A beautiful winter day - cool and sunny & perfect for a ramble across some still unexplored trails. So I packed a few necessities and unleashed Mary, who is always happy to join me on a walk, long or short. Down by the cemetary and out of the village. Rather too many weekenders in the direction of the monastery, so I followed the old road by the highway and the brambled winter stream. Still lots of mud after this week’s rain.

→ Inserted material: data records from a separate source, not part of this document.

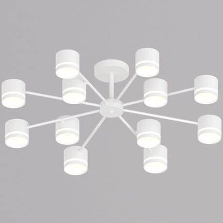 Нужно осветить большую гостиную или студию? Люстра Reluce справится с пространством до 68 м² — это стандартная трехкомнатная квартира. 12 плафонов на штангах дают 180 Вт суммарной мощности, при этом можно регулировать направление света под разные зоны. Три главных преимущества: - Гибкое зонирование — каждый из 12 плафонов поворачивается отдельно, можно выделить рабочую зону или подсветить стену - Экономия на лампах — цоколь GX53 подходит для LED-ламп, которые служат до 50 000 часов - Минималистичный дизайн — белый металл вписывается в скандинавский, современный и минималистичный интерьеры Люстра подходит для помещений от 25 м² с высотой потолков от 2,7 м. Диаметр 800 мм — оптимально для комнат шириной от 4 метров, не перегружает пространство. Подойдет для гостиных, кухонь-студий, офисов открытой планировки.Технические характеристики
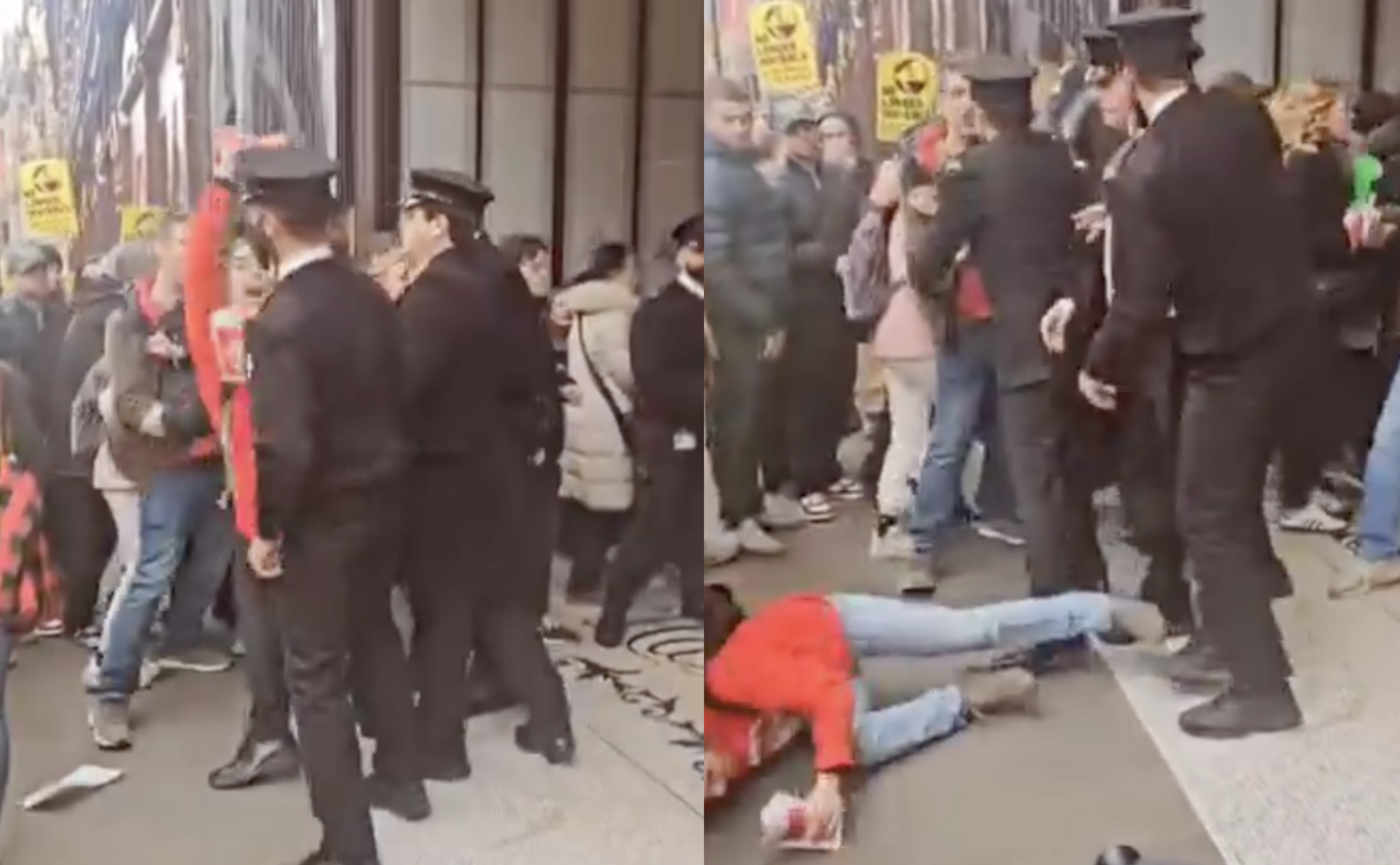 Pictured top: Stills from a video showing Molly de Dios Fisher at the picket line outside Harrods (Picture: UVW)
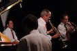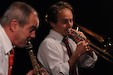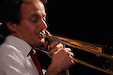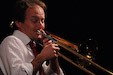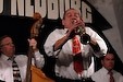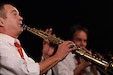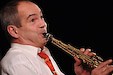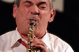 voller Begeisterung in sein Sopransaxophon schmetterte und
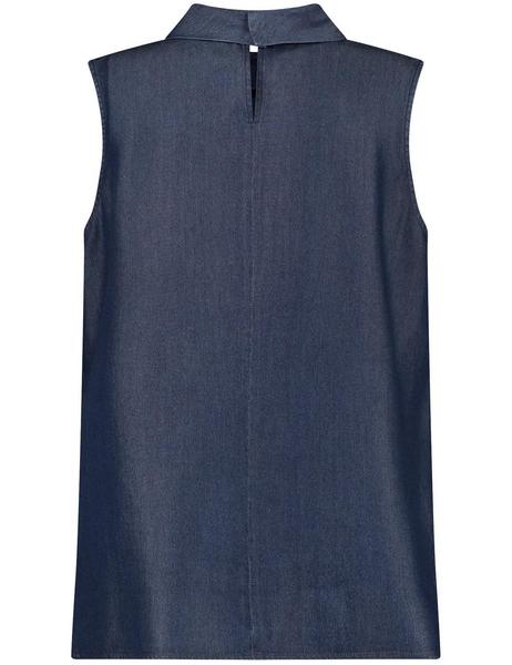 Verdeckter Druckknopfverschluss im Nacken. Fein schimmernde Qualität in Denim-Optik. Diese Bluse sorgt für glänzende Auftritte! Die fein schimmernde Qualität mit Denim-Optik wirkt lässig und elegant zugleich und ist die perfekte Sommer-Qualität, die so sanft auf der Haut liegt, dass man sie kaum spürt.
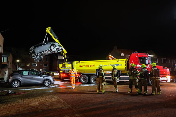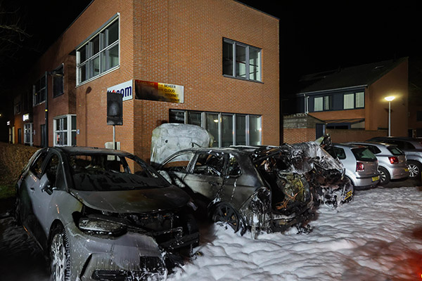 De brand was na ongeveer een uur onder controle. Een berger heeft ??n auto afgevoerd, terwijl twee voertuigen in een dompelcontainer zijn geplaatst om herontsteking te voorkomen. Er raakten geen gewonden.
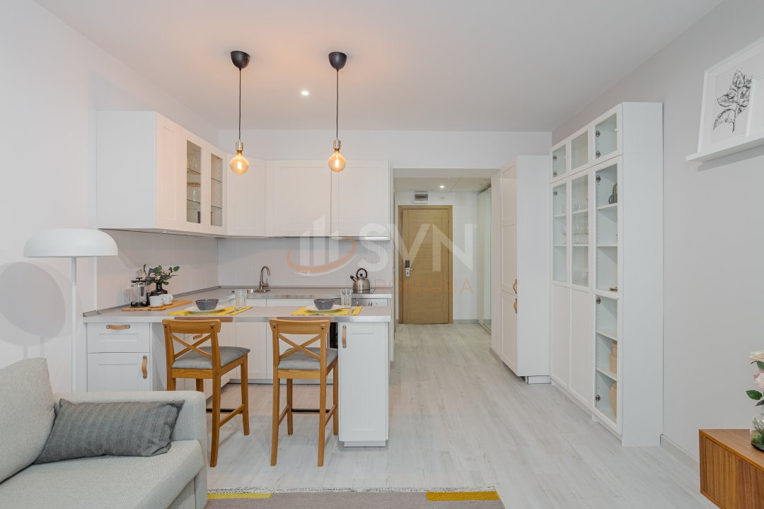 SVN Residentialist Pipera presents an unfurnished studio located in the Campeador Sweet Green residential complex, a modern project that redefines comfort and functionality standards in the residential market. The complex is located on Soseaua Viilor, in a quiet area, with easy access to shopping centers, schools, kindergartens, and public transport, offering an ideal balance between tranquility and accessibility.
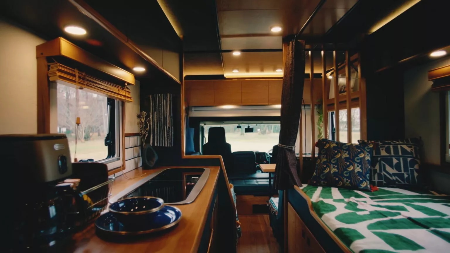 Усередині встановили двоспальне ліжко та розкладний диван. Також є кухня із плитою та духовкою та невеликий обідній стіл. Крім того, комплектація включає проєктор із чималим екраном.
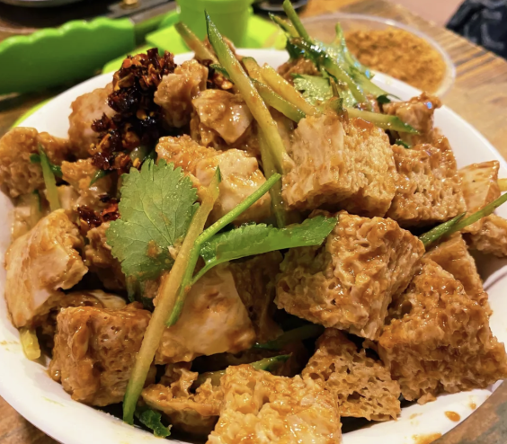 必点的豆皮、大头菜、毛肚、豆腐泡供不应求,拿出来在自己的蘸碟里滚两下,趁热嘶哈着吞进去,麻辣料又香又麻,蘸料回味浓厚。

Walking in no particular direction, with no particular purpose, allows my mind to follow suit. I wouldn’t call it meditation, but on the other hand I don’t get wrapped up in my thoughts. It’s just a time of relative mental freedom. It would be nice to think Deep Thoughts like Sebald, whose book ‘The Rings of Saturn’ I stopped to read for a while on the sunny side of a hill. Sebald starts in Suffolk but the way takes him wherever his muse and kalaidopedic ruminations lead him. Nothing of that, nor Krishnamurti’s ‘beneficience’ come to me. But neither do boredom or listlessness. I wonder how my mental state compares to Mary’s - probably rather poorly. If I am half-cognizant of the muddy path and the rustle of the underbrush, she is much more alert, enthusiastic and aware. Her nose is both sharper and closer to the earth, and it leads her hither and thither, so that half an hour of human time must be worth much more in a dog’s experience. Once, while I was sitting, gazing down through the trees she suddenly started to chase fantasms. Then, abruptly, she came up just before my knees and began vigorously to dig a deep hole in the dark soil, at times stopping to thrust her nose down into it. Who knows what was seeking, or imagined she had perceived.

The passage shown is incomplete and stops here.